Member of the Legislative Assembly of Manitoba for St. Clements
- In office 1886–1888
- Preceded by: John Allen
- Succeeded by: Donald A. Ross

7th Speaker of the Legislative Assembly of Manitoba
- In office April 14, 1887 – June 1888
- Preceded by: Alexander Murray
- Succeeded by: William Winram

Personal details
- Born: July 20, 1829 Westminster Township, Middlesex County, Upper Canada
- Died: July 17, 1906 (aged 76) Spokane, Washington, United States
- Party: Independent-Conservative / Conservative Party of Canada
- Profession: lawyer

= David Glass (Canadian politician) =

Canadian politician

David Glass (July 20, 1829 - July 17, 1906) was a Canadian lawyer and political figure. He was a Conservative Member of Parliament representing Middlesex East from 1872 to 1874.
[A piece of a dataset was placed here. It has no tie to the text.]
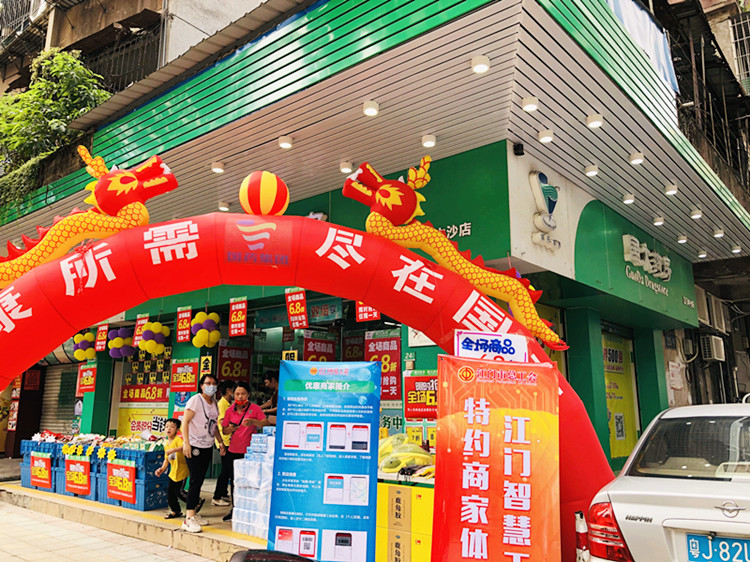 10月2日,江海区总工会组织工会职工到江门国大(江海区中沙以及麻园店)开展“江门智慧工会新版”优惠商家以及智慧工会付款码功能宣传活动。

He was born in Westminster Township, Middlesex County, Upper Canada in 1829, the son of Samuel Glass, who had come to Upper Canada from Ireland in 1819, and Eliza Owrey. In 1856, he married Sarah Dalton. Glass was called to the bar in 1864 and set up practice in London. He served on London City Council and was mayor in 1858 and 1865–1866. In 1876, he was named Queen's Counsel. He moved to Winnipeg in 1882, was called to the Manitoba bar later that year and was elected to the Legislative Assembly of Manitoba for St. Clements in 1886, serving from 1887 to 1888; he was also Speaker of the Legislative Assembly from 1887 to 1888. He retired from politics in 1888 due to poor health. Glass was solicitor for the city of Winnipeg. He was also master of the local Masonic lodge and a member of the Grand Lodge of Canada.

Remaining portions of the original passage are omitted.